# Vampire help!



## Lenore (Oct 18, 2009)

I had the same problem with my vampire costume too. Now I have decided to go as a gothic vampire - I have a pencil skirt, corset and a blouse (all black). Also some lace gloves and high heels. So it has some 40's influence, not really modern. I also have a cool coat, this one. (not purchased for Halloween but for everyday use). Very light blue/grey UV-contacts, fangs and a touch of dripping blood from my mouth help also. 

But that's not really modern so doesn't help you, but how about leather, pvc etc? I was going to be more modern too at first, so I thought of skinny leather pants and a corset or modern corset-like belt (mainly cause I have those in my wardrobe already). Maybe leather with a touch of lace for the little renaissance look? I think this is really cool, too http://www.buycostumes.com/Burlesque-Victorian-Vampiress-Adult-Costume/32600/ProductDetail.aspx, but it's not really modern... Just kewl.

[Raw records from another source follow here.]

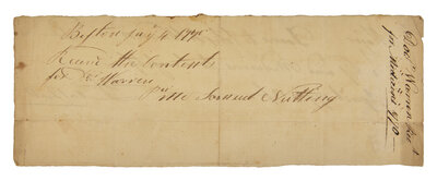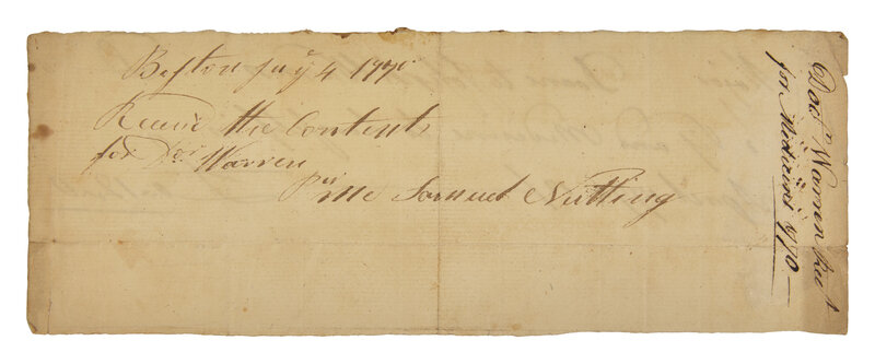 (Boston), April, 1770. Single oblong sheet, 3 1/8 x 8 3/8 in. (79 x 213 mm). Autograph medical bill, signed in the third person by American physician and Founding Father, Joseph Warren: "Major Doane to Joseph Warren, To Viz and Medicine to himself in April 1770 18/--£0.12.0" Docketing and notation on verso: "Boston July 4 1770 / Receiv'd the Contents for Dr. Warren for Mr. Samuel Nutting". Creasing from old folds; light spotting along edges. Lot includes an engraved portrait of Warren.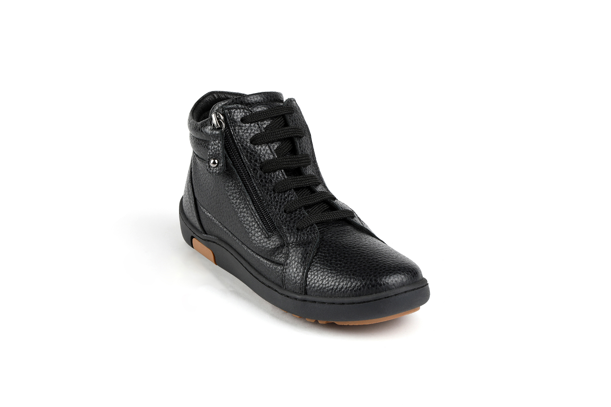 Γυναικεία Casual Μποτάκια – Μαύρο Δερμάτινο με Φερμουάρ και κορδόνια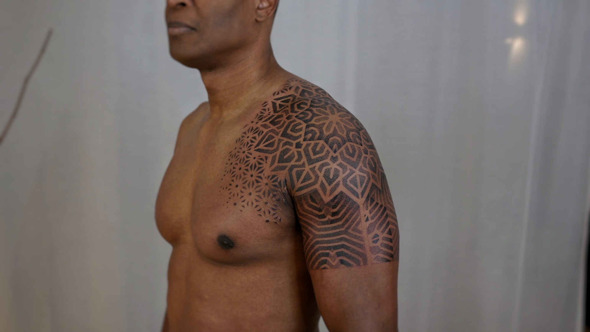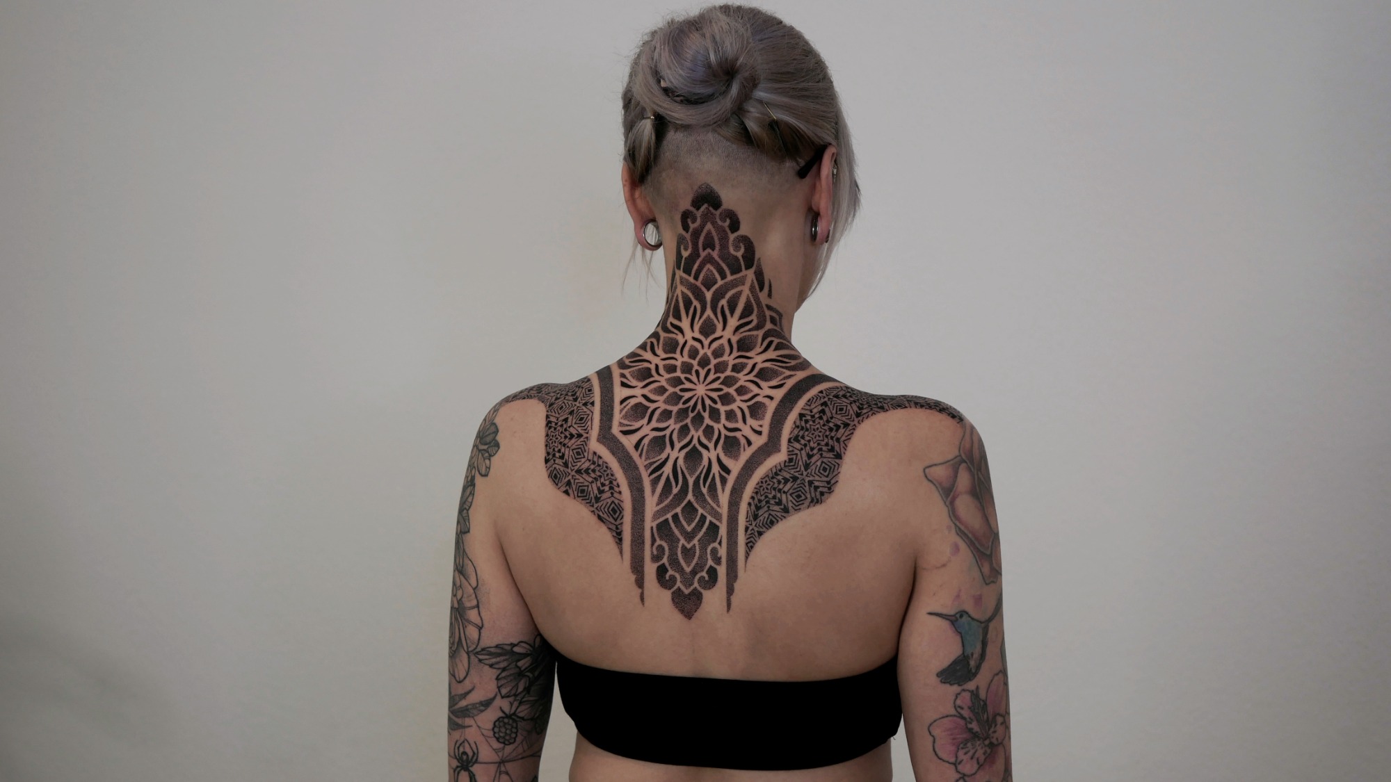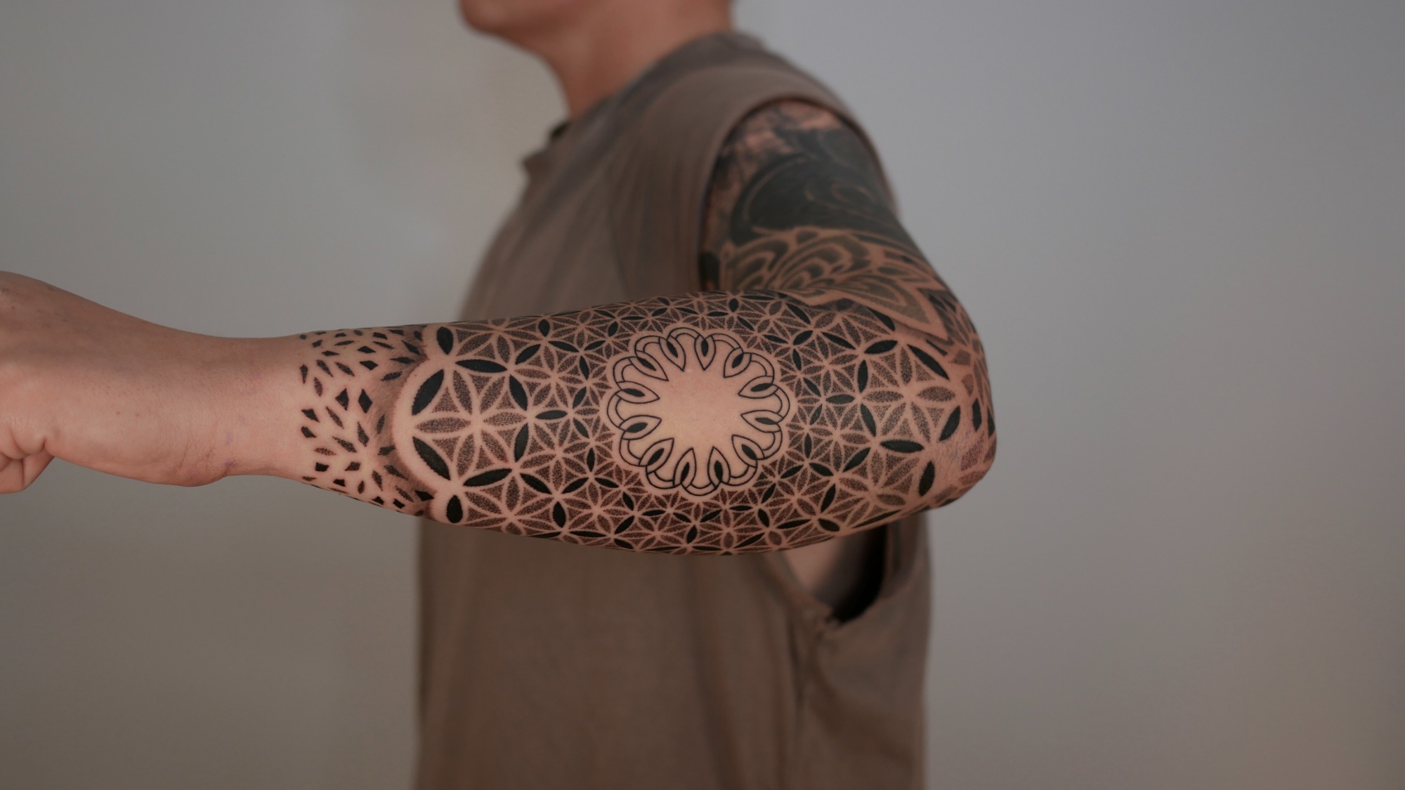 Er ist spezialisiert auf geometrische Muster, Mandalas und Ornamente im Dotwork Stil. Alle Designs werden exklusiv für die Person beim Termin gezeichnet und angepasst.
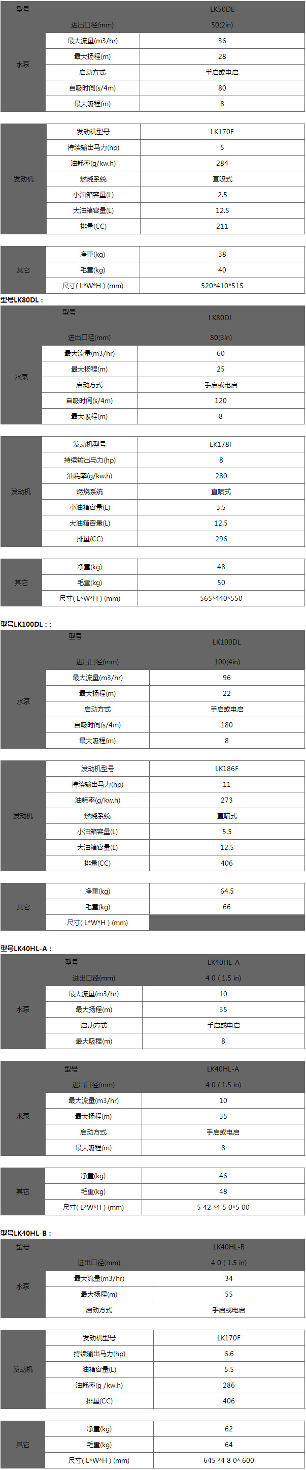 單缸(gang)風冷(leng)柴油(you)自吸(xi)水泵(beng)技術(shu)參數(shu): 型号(hao)LK50DL: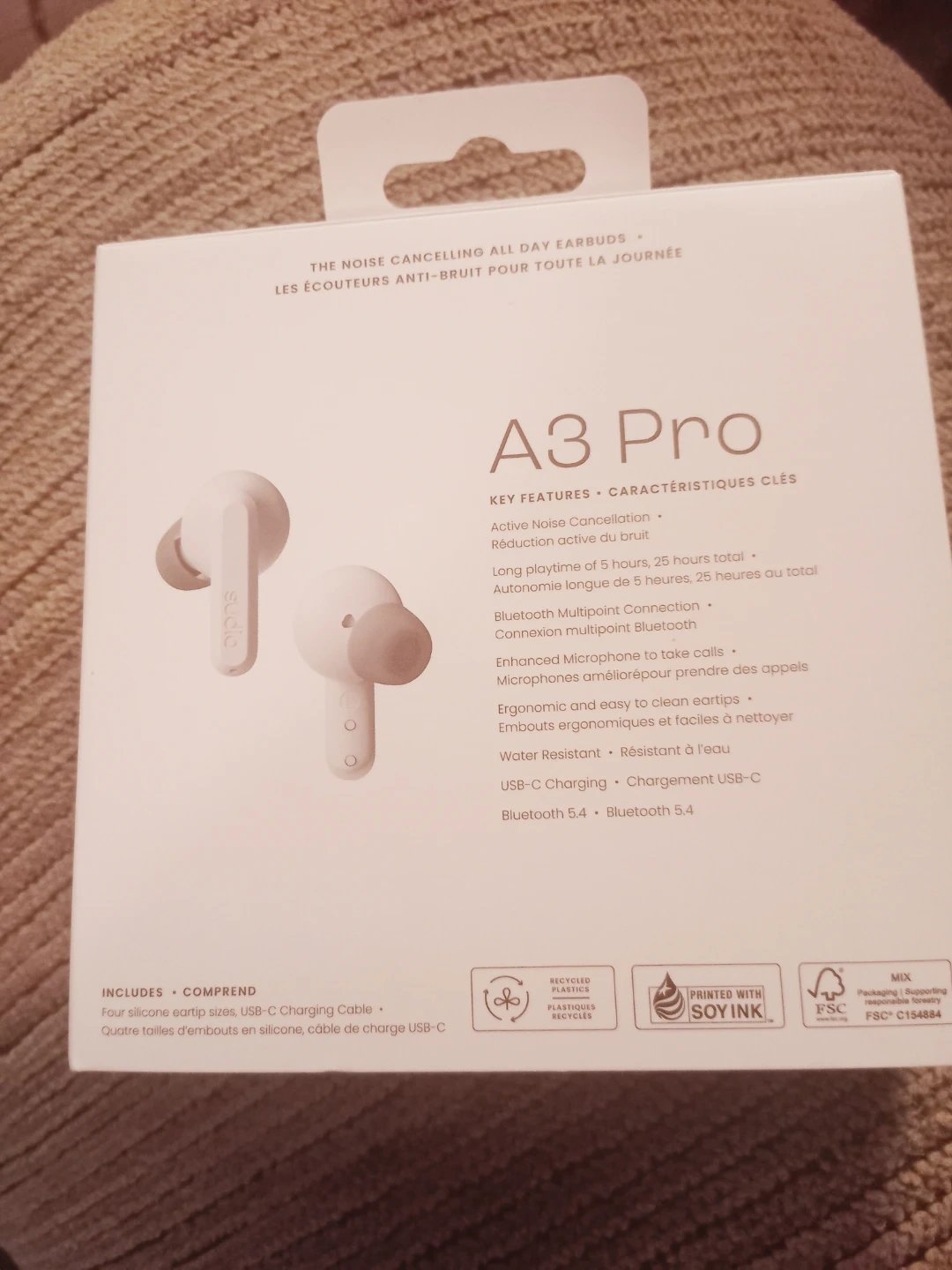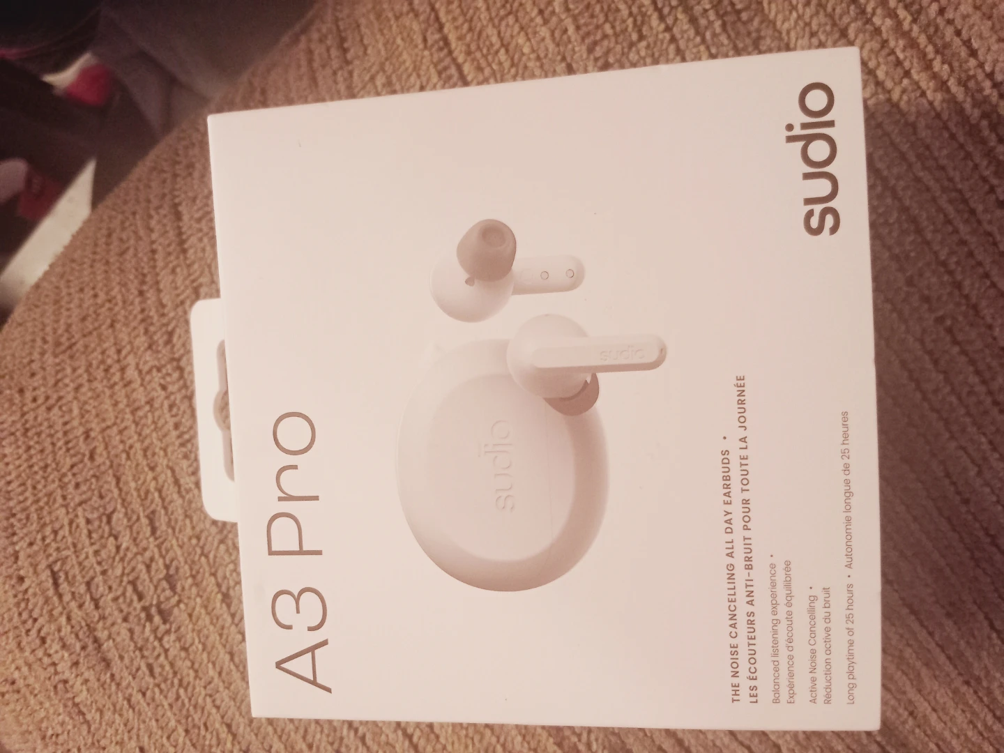 Selling a brand new pair of Sudio A3 Pro noise cancelling earbuds! They feature active noise cancellation, a long playtime of 5 hours (25 hours total), and Bluetooth multipoint connection. They're also water resistant, have a USB-C charging port, and use Bluetooth 5.4. Included are four silicone eartip sizes and a USB-C charging cable. The box is included!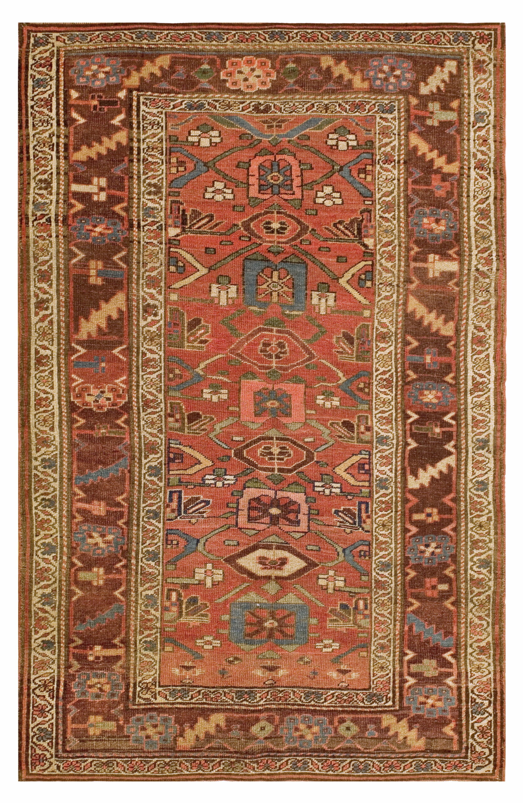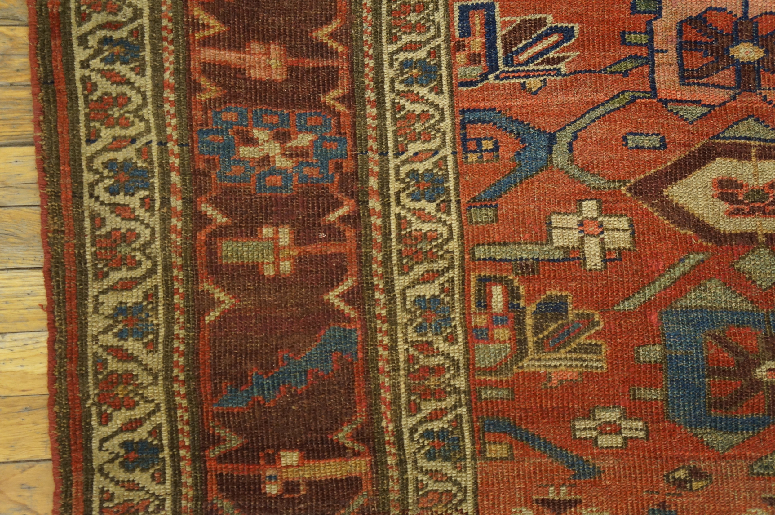 Woven entirely from hand-spun wool, this piece represents a superb investment in textile history. Its enduring quality and striking palette confirm its status among the finest examples of antique rugs available today, offering both decorative beauty and a tangible connection to the late Qajar era.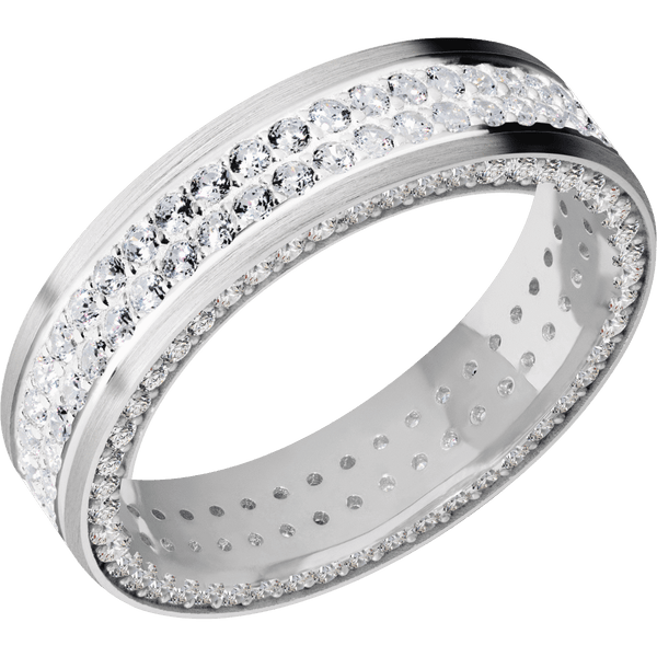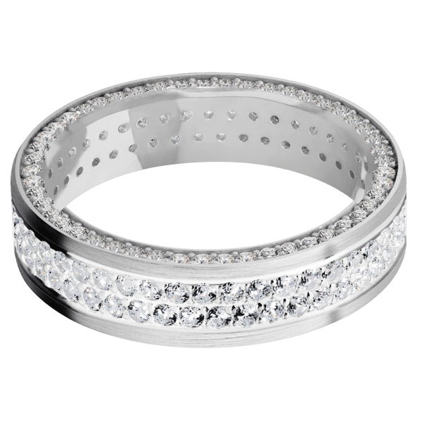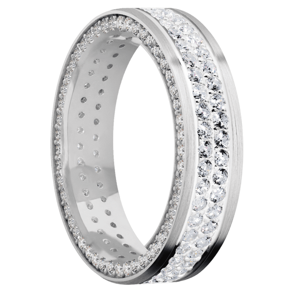 6 mm wide/Flat/Cobalt Chrome band with a Side Eternity arrangement of .01 carat Round Lab Grown Diamond (ST) stones in a Bead setting and featuring a a 2 Row Eternity arrangement of .015 carat Round Lab Grown Diamond (ST) stones in a Bead Channel setting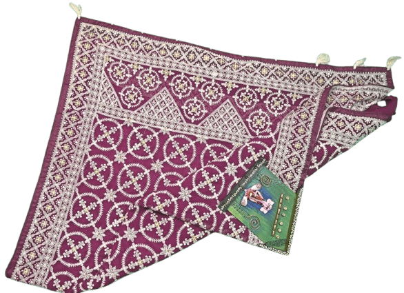 The lightweight fabric ensures comfort and ease of draping, making it ideal for festive occasions, weddings, or cultural events. The subtle contrast between the mauve base and white embroidery enhances its sophistication, making it a timeless addition to any wardrobe.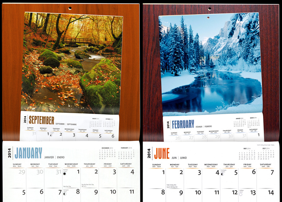 Months of the Year 2014 Calendar featuring January’s Month of the Month, September, and June’s Month of the Month, February.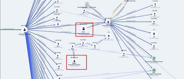 雖然Bybit采用了多簽機制,但多個簽名方依賴于相同的基礎(chǔ)設(shè)施和驗證流程,一旦其中一個環(huán)節(jié)被攻破,整個安全體系即被突破。攻擊者只需攻破一個簽名者的設(shè)備,即可偽造交易并獲取足夠的簽名權(quán)限。被盜資金*洗*錢路徑與關(guān)鍵節(jié)點突破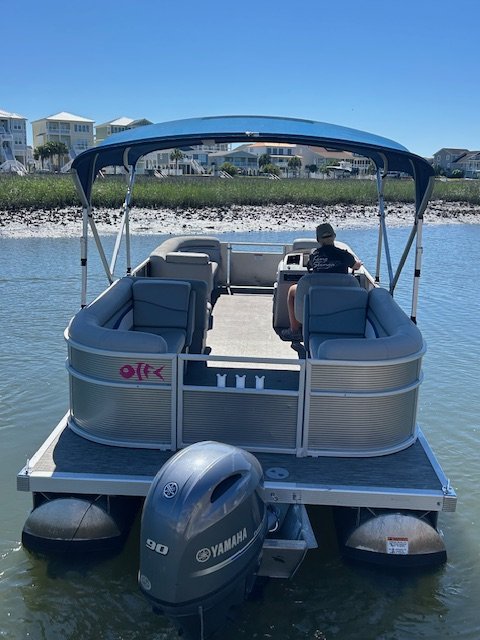 We name all our boats by colors and this is "Pink". This 22' pontoon boat is rated for up to 12 passengers with tons of room and very comfortable couch style seating. THIS IS NOT A SPEED BOAT: You are renting this boat for the casual cruising, not getting from point A to point B as quickly as possible. The boat is set to cruise at 10-20mph and speed will vary depending upon the amount of weight added (people, coolers etc...). The boat is equipped with wrap around seating, drink holders, anchor and safety equipment as required by NC law. Pink is a great boat for cruising the waterway with family and friends.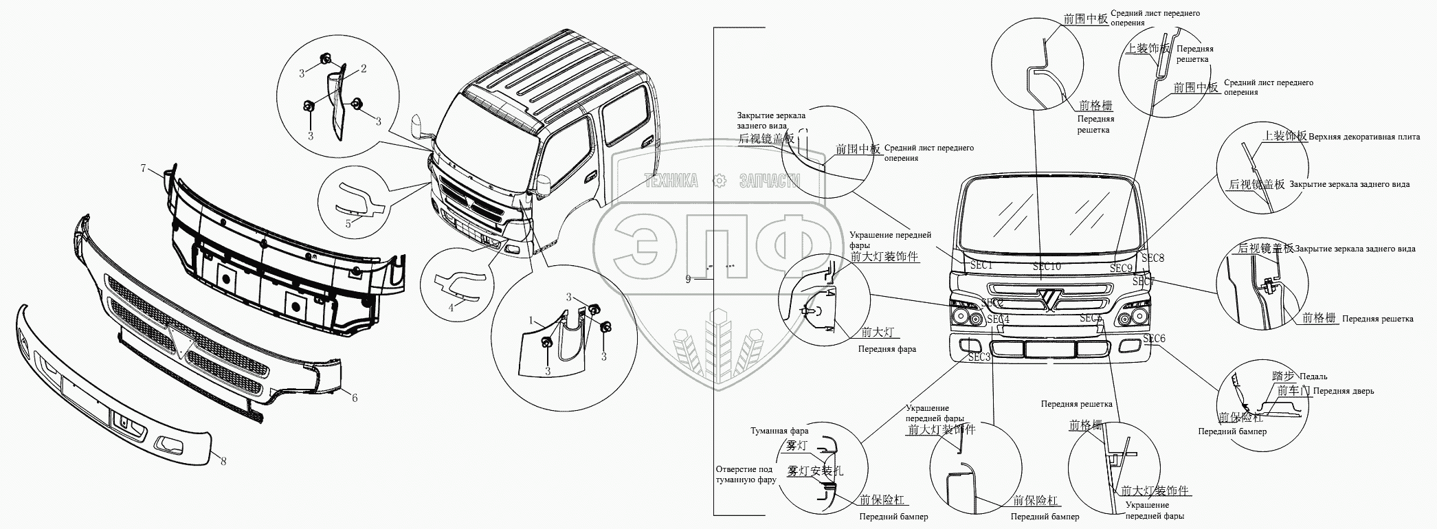 Каталог запасных частей к технике: Foton BJ1051, BJ1061 (Aumark). 1SB2005310106 Принадлежности переднего оперения

Can't really give you more advice as I was having that problem too and in the end decided not to be modern. But if I did, I maybe would go with leather or leather-like materials and lace gloves maybe?


----------



## Junit (Sep 1, 2008)

What about an economic sucking vampire in a business suit? You could use one of the old victorian-ish high collar buttoned all the way up shirts under the jacket, covered in blood. And the ruffled lacey cuffs. For more modern I would try to make the costume blend in, but then just have subtle things like contacts, fangs, nails etc. But that's just me


----------



## LadySherry (Oct 4, 2011)

I ruffled shirt is a must. I used a white ruffled at neck and wrists and black rider pants which I tucked into some plain black knee high boots, added a large ring and a vampire necklace with hair pulled back into a loose pony tail.


----------



## PoisonApple (May 21, 2010)

Lenore, that coat is BEAUTIFUL! I wish I had one! Thanks for the ideas, I'm still not sure what to do, but those are helpful suggestions. Also, does anyone have any ideas on how to make myself paler? I don't want to use grease paint, I was hoping for a powder of some kind. I wanted to get the Manic Panic Virgin pressed powder, but can't find it anywhere. Do you know of any other white face powder, or one I could maybe make myself?


----------



## Instant Monsters (Jun 15, 2011)

If you're looking for makeup, check out our Vampyre prosthetic.









You can use regular theatrical cream makeups to make yourself paler, you don't need anything as intense as greasepaint. Add a drop or two of castor oil if you use it on rubber prosthetics.

As for powders, baby powder is about as white as you can get


----------